Given the data in the table below, ∆Horxn for the reaction
3NO2(g) + H2O(l) → 2HNO3(aq) + 3NO(g)
is __________ kJ.
Substance
∆Horxn (kJ/mol)
H2O(l)= -286
NO(g)= 90.0
NO2(g)= 34.0
HNO3(aq)= -207
NH3(g)= -46.0
A) -140
B) -508
C) -64
D) 140
E) 64
Well, it's important to remember that ΔHorxn represents the change in enthalpy for a reaction. To calculate ΔHorxn, we need to sum up the enthalpies of the products and subtract the enthalpies of the reactants.
In this case, we have:
Reactants:
3NO2(g) = 3 * 34.0 kJ/mol = 102.0 kJ/mol
H2O(l) = -286 kJ/mol
Products:
2HNO3(aq) = 2 * -207 kJ/mol = -414 kJ/mol
3NO(g) = 3 * 90.0 kJ/mol = 270 kJ/mol
Now, let's calculate the overall enthalpy change:
∆Horxn = (sum of products) - (sum of reactants)
= (-414 kJ/mol + 270 kJ/mol) - (102.0 kJ/mol - 286 kJ/mol)
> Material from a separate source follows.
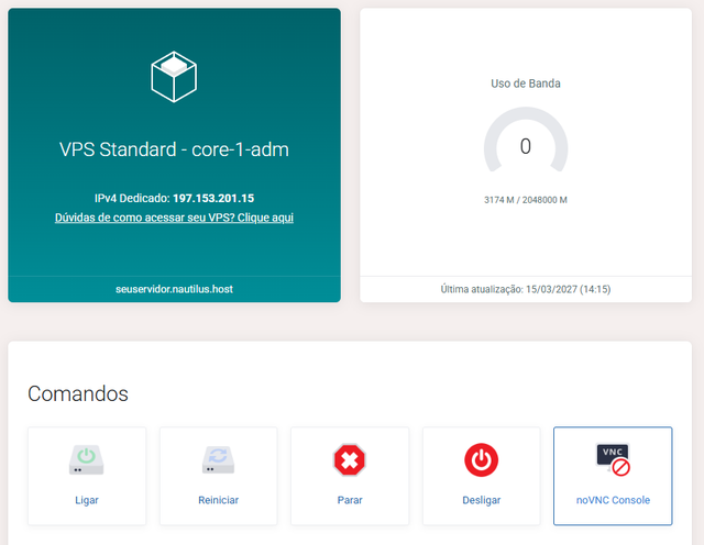 O NoVNC é uma ferramenta integrada ao painel do cliente que permite acessar o console do seu VPS diretamente pelo navegador, sem a necessidade de programas adicionais como SSH ou RDP.

= -144 kJ/mol + 388 kJ/mol
= 244 kJ/mol
So, the correct answer is D) 244 kJ/mol.
But hey, don't worry if you got it wrong. Chemistry can be a lot to handle sometimes. Just remember, it's all about the reactions!
To calculate the ∆Horxn for the reaction, we need to calculate the sum of the ∆Horxn for the products minus the sum of the ∆Horxn for the reactants.
Reactants:
3NO2(g) + H2O(l)
Products:
2HNO3(aq) + 3NO(g)
∆Horxn = (∆Horxn of products) - (∆Horxn of reactants)
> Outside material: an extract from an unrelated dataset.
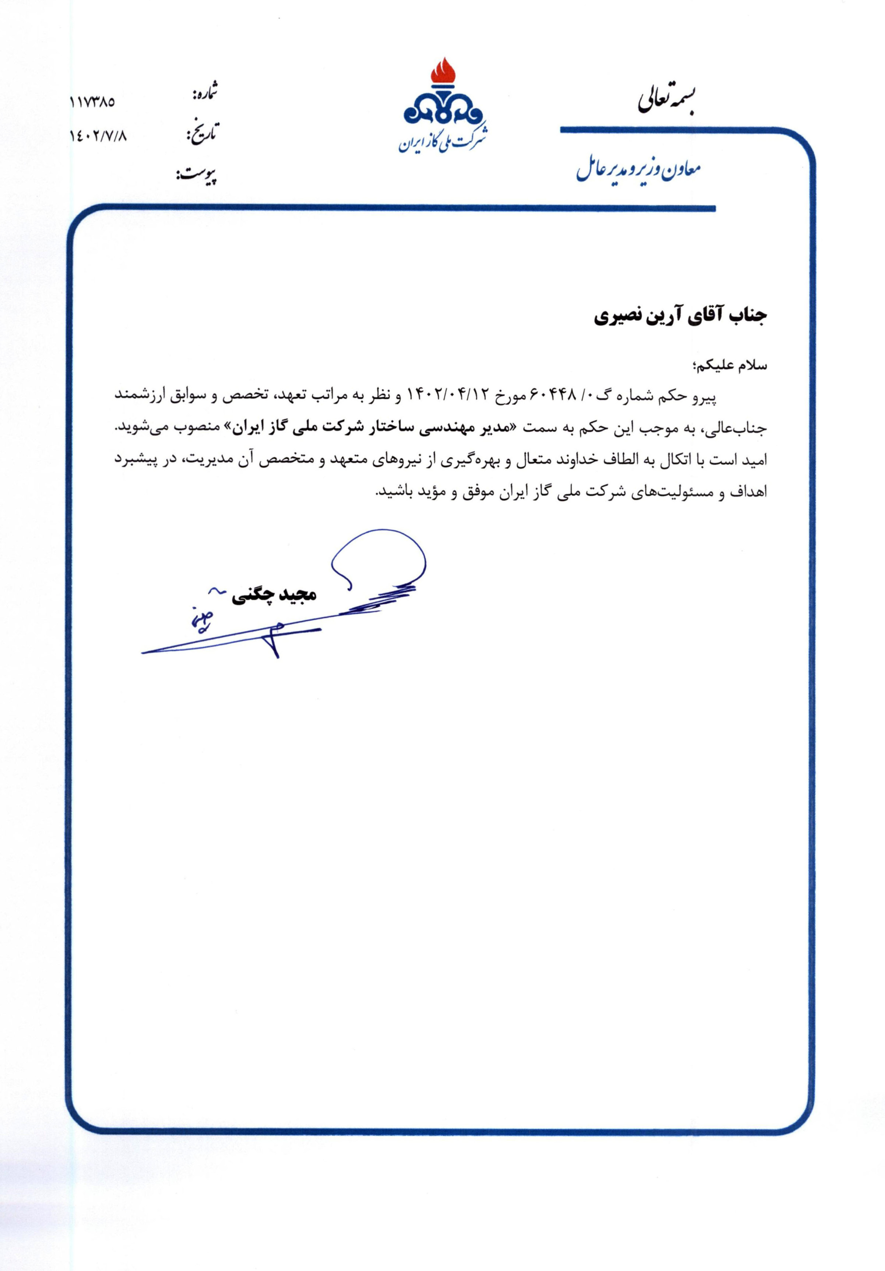 معاون وزیر نفت در امور گاز در حکمی آرین نصیری را «مدیر مهندسی ساختار شرکت ملی گاز ایران» را منصوب کرد.

∆Horxn = (2HNO3(aq) + 3NO(g)) - (3NO2(g) + H2O(l))
To calculate the sum of the ∆Horxn for the products:
(2 * ∆Horxn of HNO3(aq)) + (3 * ∆Horxn of NO(g))
= (2 * -207) + (3 * 90)
= -414 + 270
= -144 kJ
To calculate the sum of the ∆Horxn for the reactants:
(3 * ∆Horxn of NO2(g)) + (∆Horxn of H2O(l))
= (3 * 34) + (-286)
= 102 - 286
= -184 kJ
Now, plug these values into the equation:
∆Horxn = (-144) - (-184)
= -144 + 184
= 40 kJ
The ∆Horxn for the given reaction is 40 kJ.
Therefore, the correct answer is not listed.
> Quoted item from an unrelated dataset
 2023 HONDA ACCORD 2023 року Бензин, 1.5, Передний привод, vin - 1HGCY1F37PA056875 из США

To find the enthalpy change (∆Horxn) for the given reaction, you need to calculate the overall sum of the enthalpies of the products minus the overall sum of the enthalpies of the reactants.
Using the given data, we can determine the enthalpy changes for the reactants and products:
Reactants:
3NO2(g): 3 * ∆Horxn(NO2(g)) = 3 * 34.0 kJ/mol
H2O(l): ∆Horxn(H2O(l)) = -286.0 kJ/mol
Products:
2HNO3(aq): 2 * ∆Horxn(HNO3(aq)) = 2 * (-207.0) kJ/mol
3NO(g): 3 * ∆Horxn(NO(g)) = 3 * 90.0 kJ/mol
Now, add up the enthalpy changes for the reactants and products:
Reactants: 3 * 34.0 kJ/mol + (-286.0 kJ/mol)
Products: 2 * (-207.0 kJ/mol) + 3 * 90.0 kJ/mol
Simplifying the expressions:
Reactants: 102.0 kJ/mol - 286.0 kJ/mol = -184.0 kJ/mol
Products: -414.0 kJ/mol + 270.0 kJ/mol = -144.0 kJ/mol
Finally, calculate the overall ∆Horxn = ∆Horxn(Products) - ∆Horxn(Reactants):
∆Horxn = -144.0 kJ/mol - (-184.0 kJ/mol)
∆Horxn = -144.0 kJ/mol + 184.0 kJ/mol
∆Horxn = 40.0 kJ/mol
Therefore, the correct answer is not provided in the options.